- _Given material_
*** Begin section ***

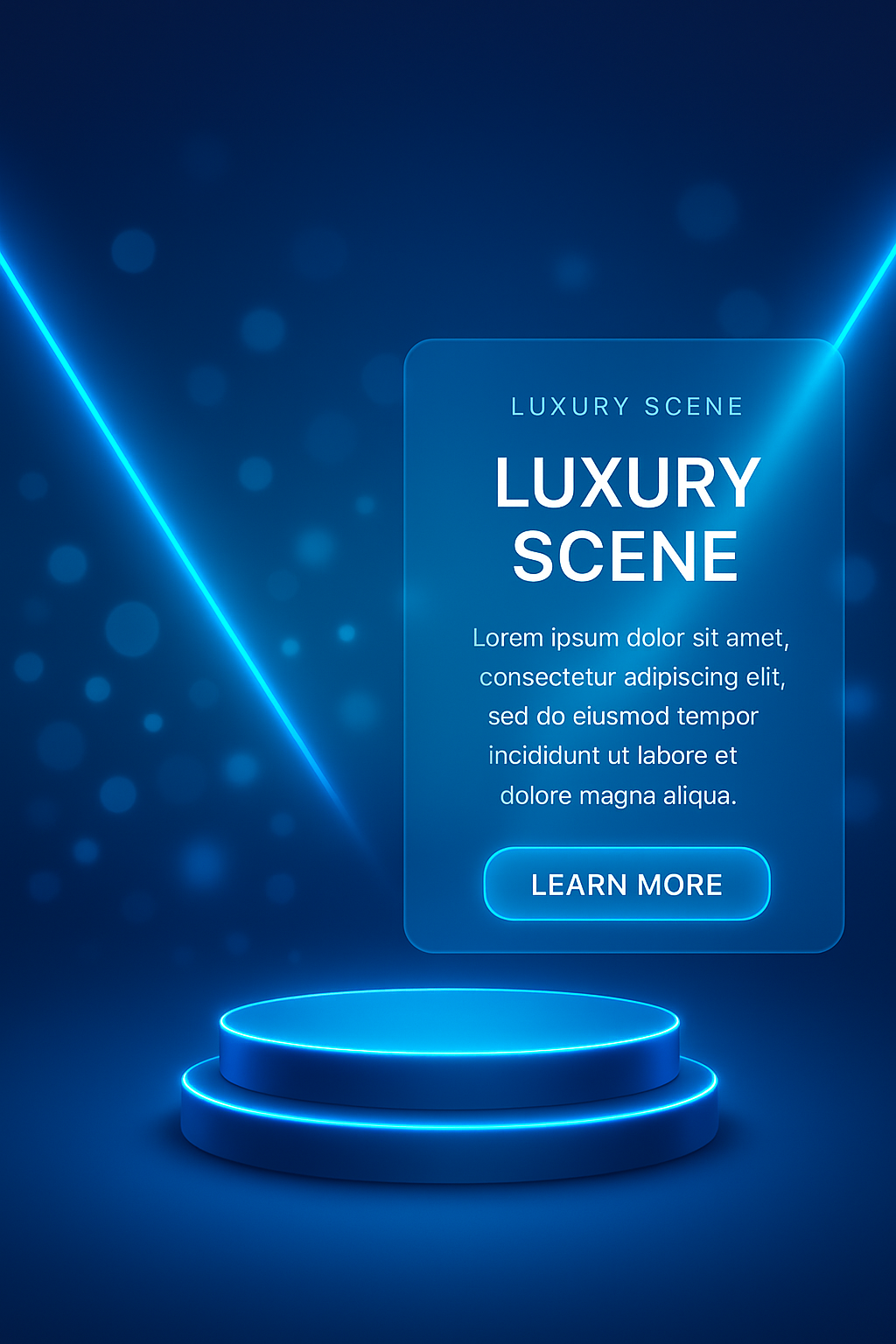/Collection: /by davooda/Type: PNG/An empty futuristic podium illuminated by neon blue lights against a dark background. The scene features soft bokeh effects and glassmorphism panels for a luxurious appearance.
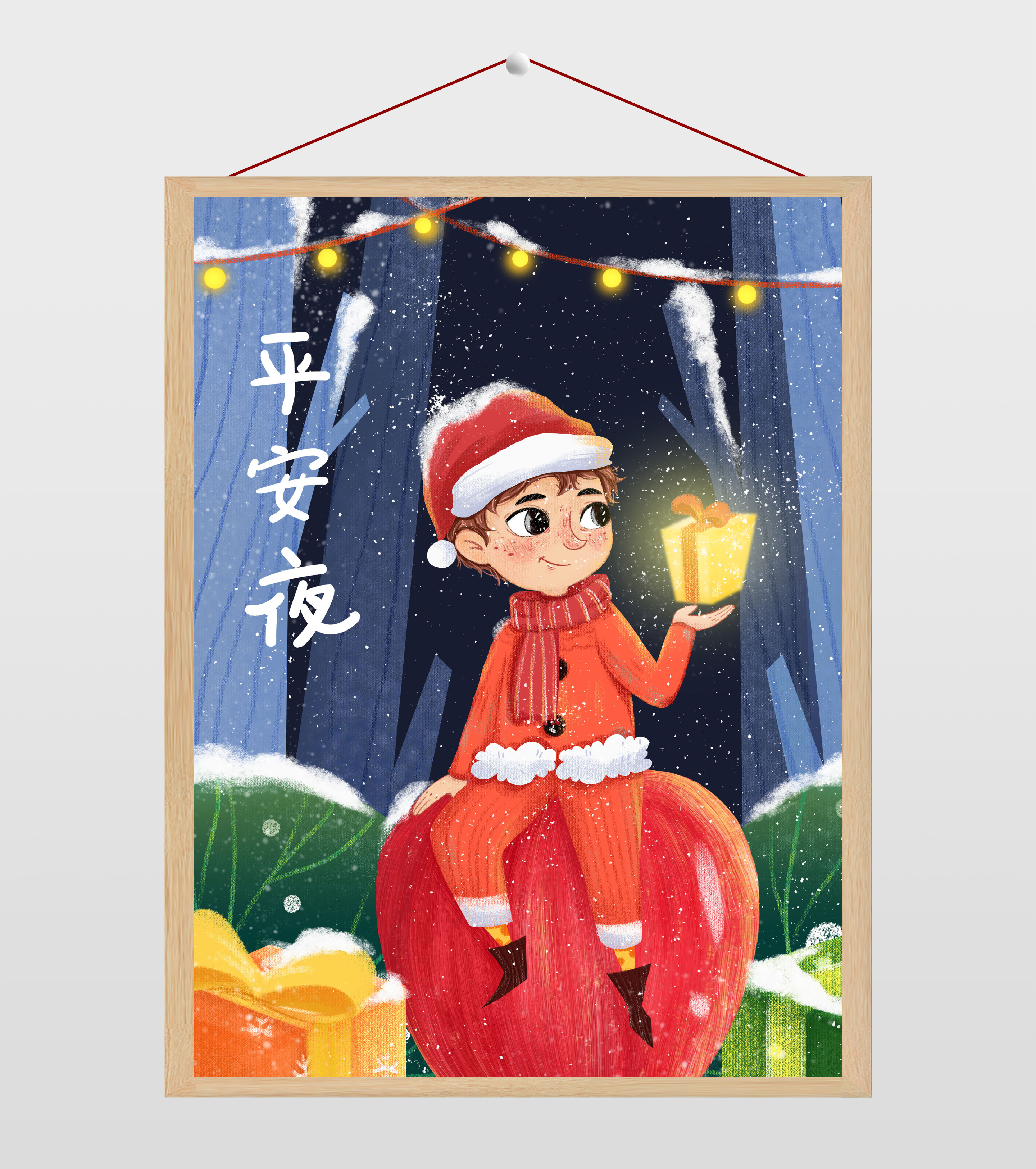 平安夜圣诞小男孩插画
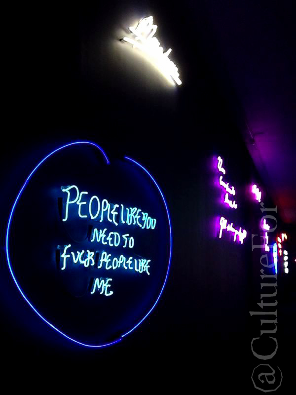 Si tratta di scritte al neon, più o meno provocanti, appese alle pareti nere di questa enorme sala: sicuramente un allestimento d’effetto, ma durante la visita non siamo riuscite a coglierne il senso. Materiale informativo assente alla biglietteria dove la ragazza, pur essendo molto disponibile, non ha saputo rispondere alle nostre domande.

*** End section ***

- _Exercise brief_
Would you transcribe all of the data exactly, apart from its pictures?

- _Exercise response_
/Collection: /by davooda/Type: PNG/An empty futuristic podium illuminated by neon blue lights against a dark background. The scene features soft bokeh effects and glassmorphism panels for a luxurious appearance.
 平安夜圣诞小男孩插画
 Si tratta di scritte al neon, più o meno provocanti, appese alle pareti nere di questa enorme sala: sicuramente un allestimento d’effetto, ma durante la visita non siamo riuscite a coglierne il senso. Materiale informativo assente alla biglietteria dove la ragazza, pur essendo molto disponibile, non ha saputo rispondere alle nostre domande.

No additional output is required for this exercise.